Background: Deep learning has become an important tool for predicting mutation-induced changes in binding free energy (ΔΔG). However, most current state-of-the-art methods rely heavily on paired wild-type (WT) and mutant (MT) complex structures during both training and inference. This dependence on post-mutation structural information substantially limits their practical utility in real-world scenarios, such as clinical diagnosis and early-stage drug screening, where mutant structures are difficult to obtain experimentally in a timely manner.

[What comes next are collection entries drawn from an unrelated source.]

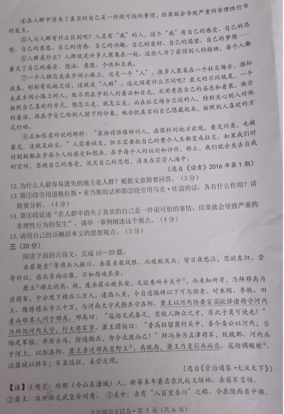 杭州经济开发区2016-2017学年九年级上期末语文试题(5)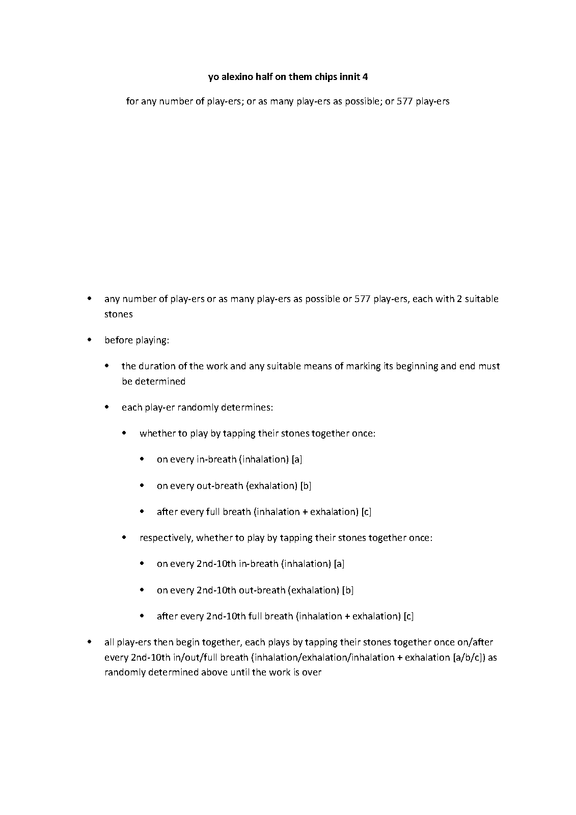 | Instrumentation | any number of play-ers or as many play-ers as possible or 577 play-ers, each with 2 stones |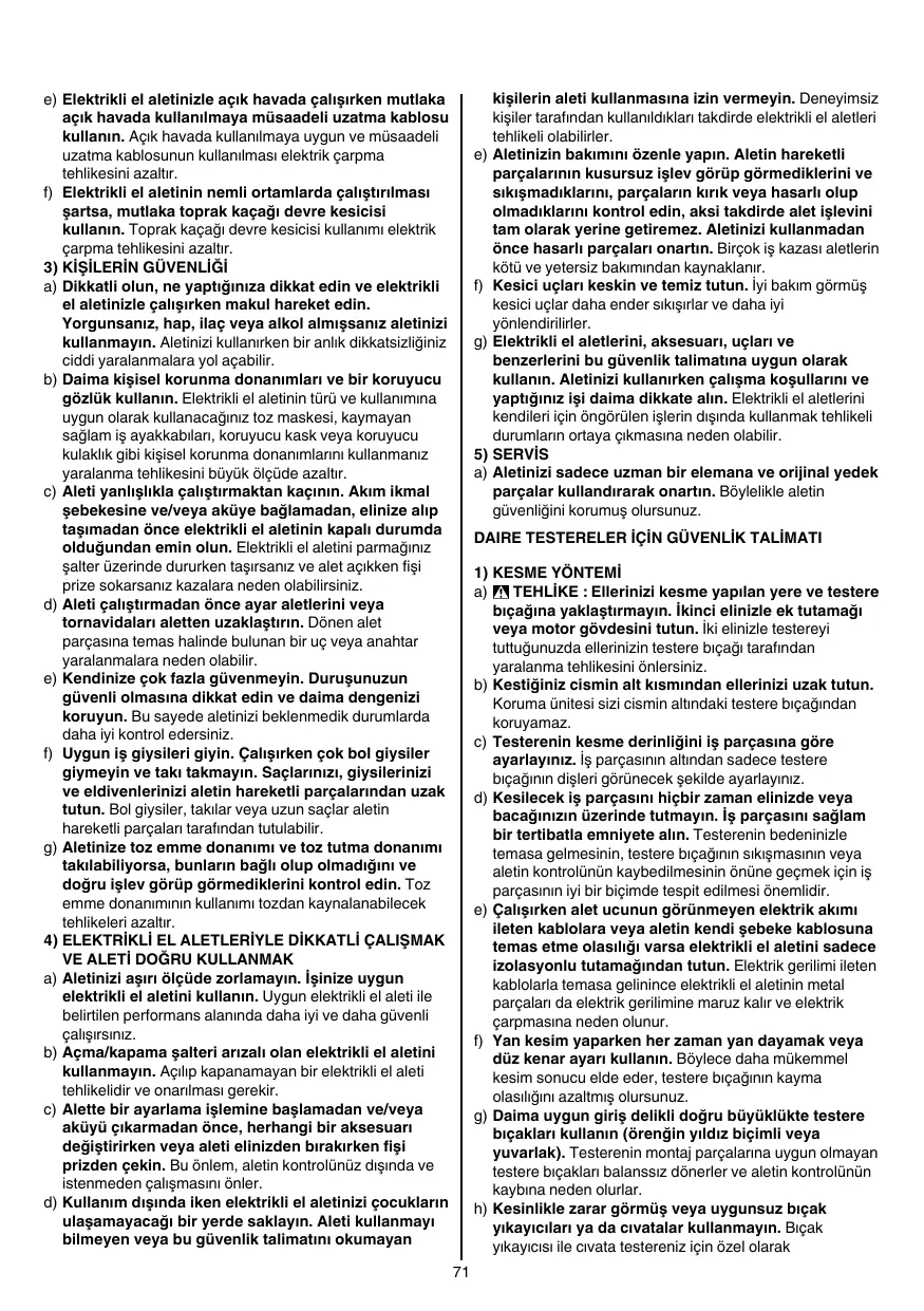 (HSS) • Ne jamais utilisez de disques de meulage/tronçonnage avec cet outil AVANT L’USAGE • Contrôlez toujours si la tension secteur correspond à la tension indiquée sur la plaquette signalétique de l’outil (les outils conçus pour une tension de 230V ou 240V peuvent également être branchés sur 220V) • Faites attention aux vis, clous ou autres éléments qui pourraient se trouver dans la pièce à travailler et qui risqueraient d’endommager très fortement votre outil; enlevez-les avant de commencer le travail • Enlevez tout corps étranger du tracé avant d’effectuer toute coupe • Fixez solidement la pièce à travailler (une pièce fixée à l’aide de dispositifs de fixation est davantage assurée que si elle était tenue à la main) • Utilisez des détecteurs appropriés afin de localiser la présence de conduites électriques ou bien s’adresser à la société locale de distribution (un contact avec des lignes électriques peut provoquer un incendie et une décharge électrique; le fait d’endommager une conduite de gaz peut entraîner une explosion; le fait d’endommager une conduite d’eau peut entraîner des dégâts matériels ou causer une décharge électrique) • Utilisez un câble de prolongement complètement déroulé et de bonne qualité d’une capacité de 16 A PENDANT L’USAGE • Le niveau sonore en fonctionnement peut dépasser 85 dB(A); munissez-vous de casques anti-bruit • Ne jamais utilisez votre outil sans le guide de sécurité d’origine • Ne jamais tentez de couper de trop fines pièces • Ne jamais travaillez au-dessus de l’outil • En cas de blocage ou d’anomalie électrique ou mécanique, coupez immédiatement l’outil et débranchez la prise • Si le câble est endommagé ou rompu pendant le travail, n’y touchez pas, mais débranchez immédiatement la prise APRES L’USAGE • Lorsque vous rangez votre outil, le moteur doit être coupé et les pièces mobiles complètement arrêtées • Après avoir coupé la mise en marche de votre scie circulaire, ne jamais arrêtez la rotation de la lame de scie par une force laterale appliquée contre elle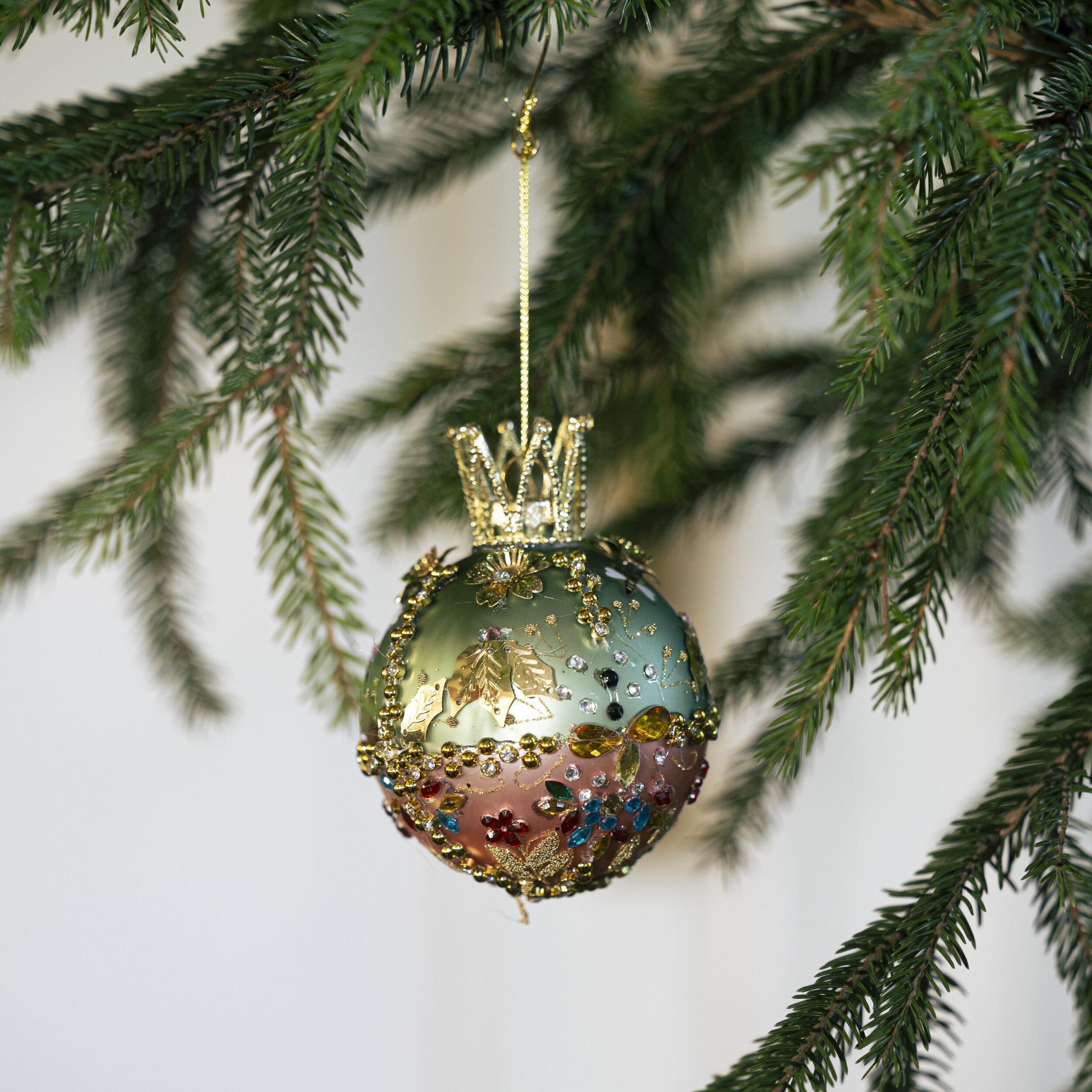 Tämä ainutlaatuinen Kartanon mehiläiset -koristepallo sädehtii kuin kultainen hunajakenno talviauringossa. Hempeän vihreän ja roosan sävyinen pallo on koristeltu kimaltelevilla jalokivillä, kultalehdillä ja suloisilla mehiläisillä – kunnianosoituksena kartanon omalle mehiläistarhalle. Kruunumainen yläosa ja tarkkaan asetellut yksityiskohdat tekevät siitä arvokkaan lisän joulupuuhun.

Methods: To evaluate model performance in more realistic and challenging translational settings, we conducted a systematic benchmark of graph-based deep learning models under a WT-only inductive setting. We constructed a full-protein heterogeneous graph framework that incorporates long-range spatial constraints to implicitly infer mutational effects from static wild-type structures. We compared it against a sequence-based vector baseline model.
Results: Through a systematic evaluation on the MdrDB dataset, we revealed a critical generalization gap. Although random splitting yielded relatively high predictive correlation due to homologous data leakage (Pearson R ≈ 0.55), model performance dropped sharply under a strict UniProt-based cross-protein split designed to simulate prediction on truly unseen targets (Pearson R ≈ 0.15). Although the absolute performance remained limited, the graph-based model showed a weak but consistent improvement over the sequence baseline, which was close to random guessing (Pearson R ≈ 0.04).
Conclusions: Further analyses suggest that the performance bottleneck may partly arise from intrinsic experimental noise in the dataset (i.e., label inconsistency) and from the absence of conformational entropy (dynamic) information in static WT structures. This study indicates that random splitting can lead to substantial overestimation of model generalizability. It highlights the need to integrate physical priors and dynamic features to overcome the current limitations of drug resistance prediction when explicit mutant structures are unavailable.